PROVIDED RECORDS START

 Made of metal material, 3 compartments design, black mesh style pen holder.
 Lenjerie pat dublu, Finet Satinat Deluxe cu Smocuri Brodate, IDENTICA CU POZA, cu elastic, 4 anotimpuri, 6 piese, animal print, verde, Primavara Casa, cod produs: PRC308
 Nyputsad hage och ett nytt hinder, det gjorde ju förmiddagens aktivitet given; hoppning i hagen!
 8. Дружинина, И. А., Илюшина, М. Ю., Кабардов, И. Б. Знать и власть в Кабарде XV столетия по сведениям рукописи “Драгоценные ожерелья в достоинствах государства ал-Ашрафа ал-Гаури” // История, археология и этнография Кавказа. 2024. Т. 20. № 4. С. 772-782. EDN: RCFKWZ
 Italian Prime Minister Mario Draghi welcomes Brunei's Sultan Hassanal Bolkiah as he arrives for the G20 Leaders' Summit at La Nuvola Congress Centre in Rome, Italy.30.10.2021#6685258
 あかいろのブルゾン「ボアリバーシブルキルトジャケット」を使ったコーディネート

PROVIDED RECORDS END
PROVIDED RECORDS START

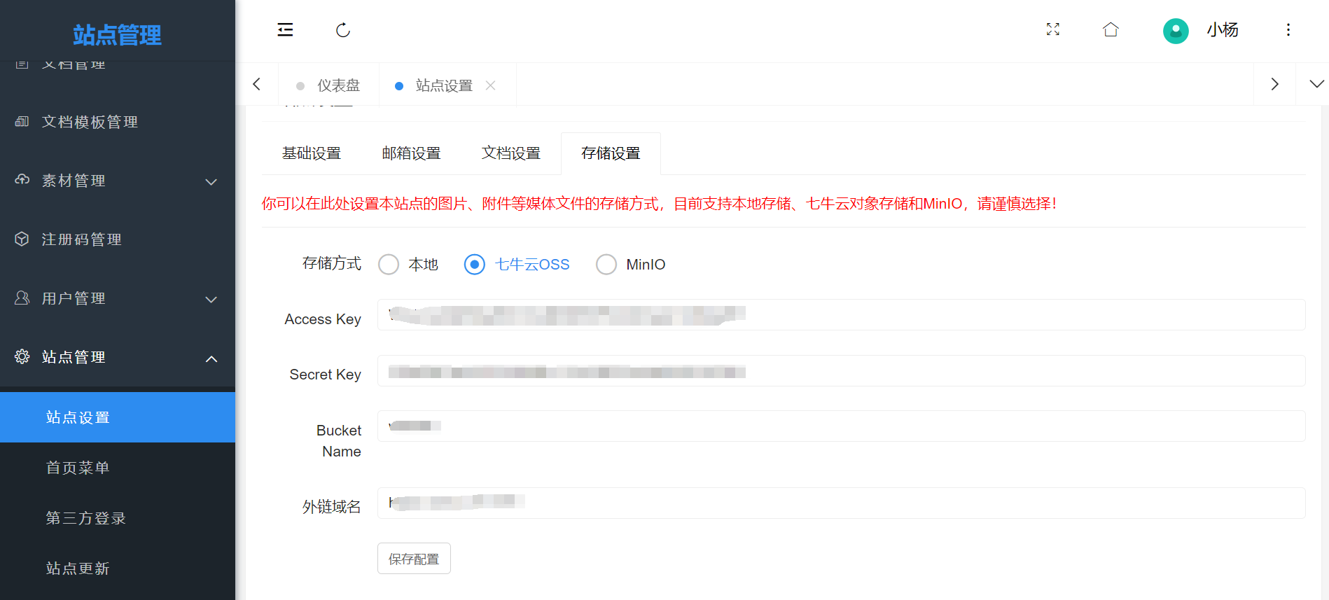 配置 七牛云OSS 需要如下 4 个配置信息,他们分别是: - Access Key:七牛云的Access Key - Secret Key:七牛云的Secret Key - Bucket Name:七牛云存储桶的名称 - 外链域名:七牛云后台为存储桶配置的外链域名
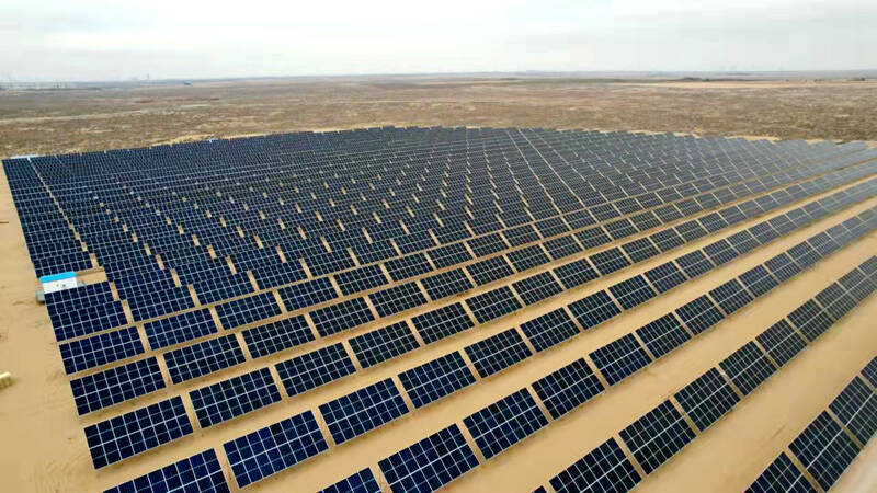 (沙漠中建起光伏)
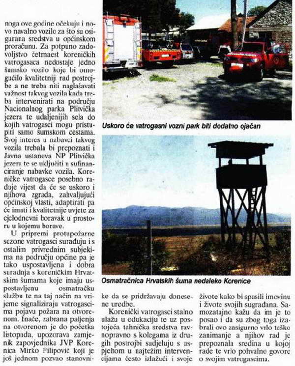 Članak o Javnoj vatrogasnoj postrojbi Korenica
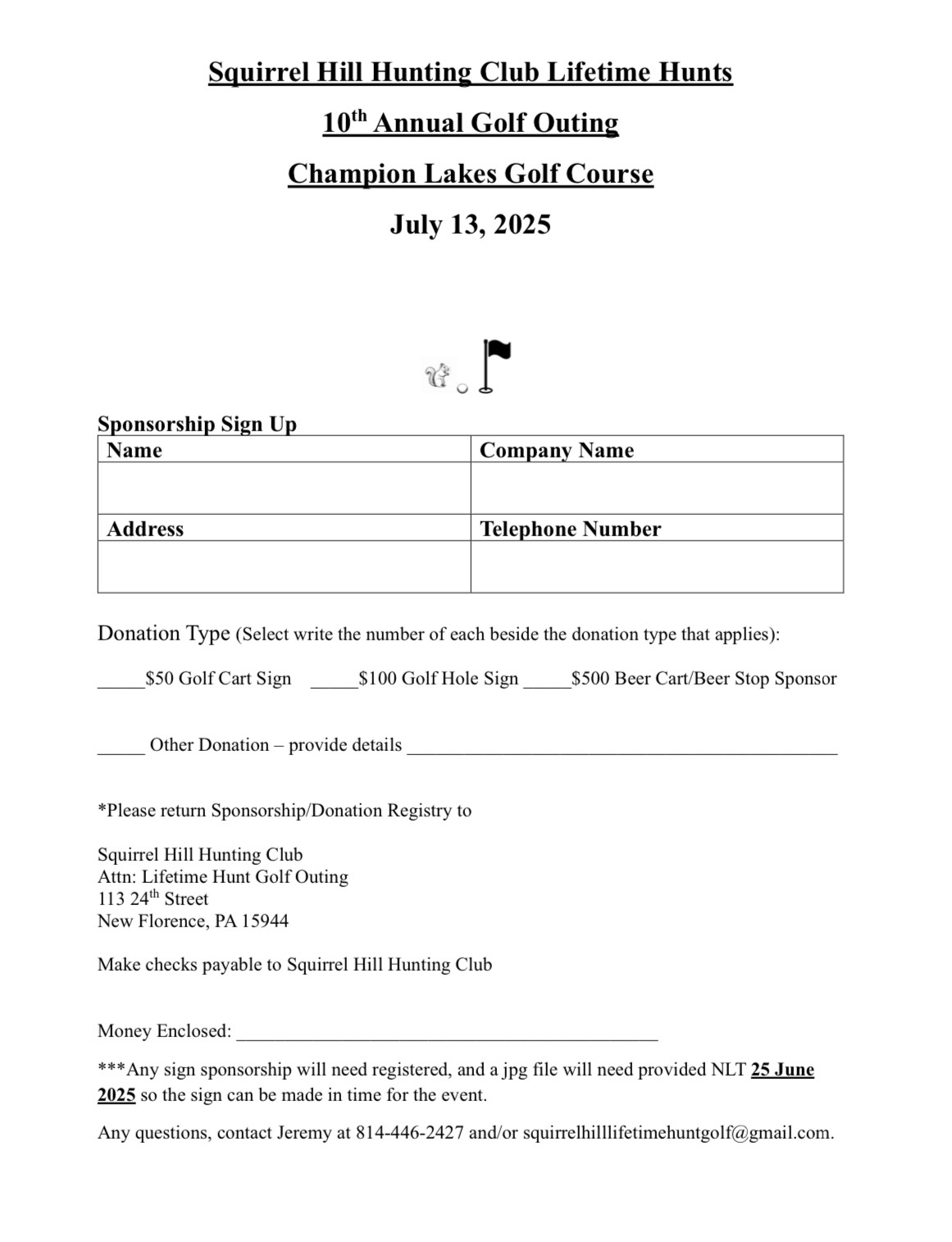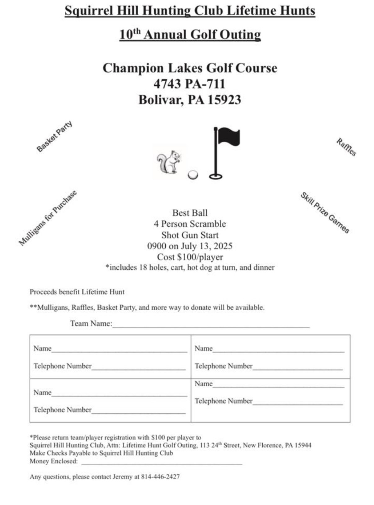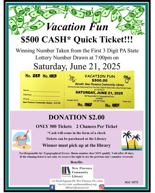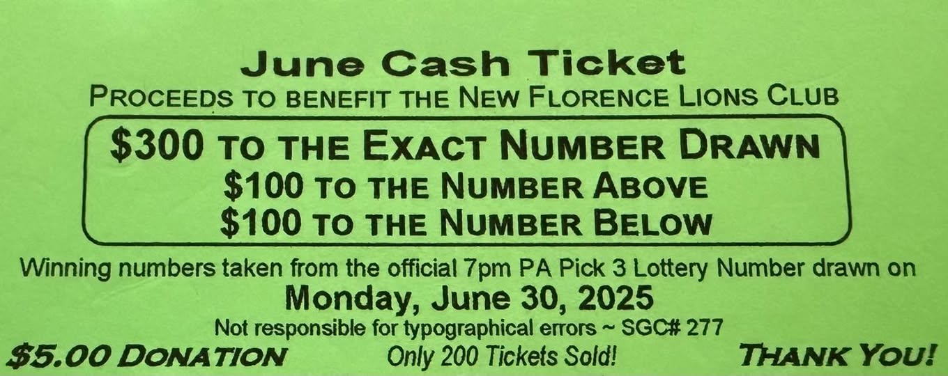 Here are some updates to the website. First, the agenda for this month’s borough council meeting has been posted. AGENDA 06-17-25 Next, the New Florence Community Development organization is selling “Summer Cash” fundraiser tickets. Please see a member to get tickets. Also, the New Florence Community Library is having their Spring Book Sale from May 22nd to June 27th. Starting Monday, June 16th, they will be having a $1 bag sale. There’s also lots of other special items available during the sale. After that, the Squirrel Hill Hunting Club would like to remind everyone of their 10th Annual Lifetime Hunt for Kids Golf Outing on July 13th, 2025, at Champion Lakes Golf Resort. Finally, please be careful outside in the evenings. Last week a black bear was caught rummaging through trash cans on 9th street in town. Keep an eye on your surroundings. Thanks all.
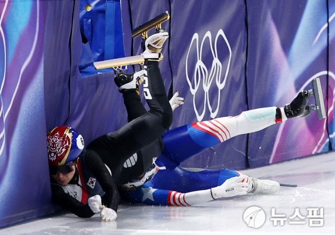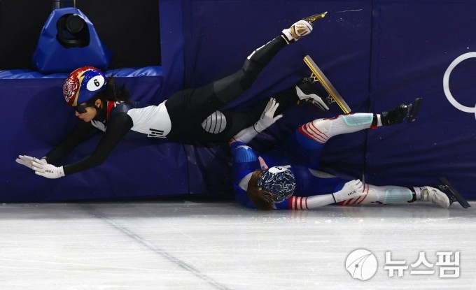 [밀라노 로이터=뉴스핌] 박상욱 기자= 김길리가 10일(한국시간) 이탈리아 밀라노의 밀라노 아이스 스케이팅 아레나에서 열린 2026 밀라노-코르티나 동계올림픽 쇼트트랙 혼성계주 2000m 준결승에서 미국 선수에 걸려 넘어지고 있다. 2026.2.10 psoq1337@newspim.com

PROVIDED RECORDS END

== EXERCISE AIM ==
With the line that has "8. Дружинина, И." as the first and the line that has "あかいろのブルゾン「ボアリバーシブルキルトジャケット」を使ったコーディネート" as the last, repeat exactly that run of lines above and no more.

== WRITTEN RESPONSE ==
 8. Дружинина, И. А., Илюшина, М. Ю., Кабардов, И. Б. Знать и власть в Кабарде XV столетия по сведениям рукописи “Драгоценные ожерелья в достоинствах государства ал-Ашрафа ал-Гаури” // История, археология и этнография Кавказа. 2024. Т. 20. № 4. С. 772-782. EDN: RCFKWZ
 Italian Prime Minister Mario Draghi welcomes Brunei's Sultan Hassanal Bolkiah as he arrives for the G20 Leaders' Summit at La Nuvola Congress Centre in Rome, Italy.30.10.2021#6685258
 あかいろのブルゾン「ボアリバーシブルキルトジャケット」を使ったコーディネート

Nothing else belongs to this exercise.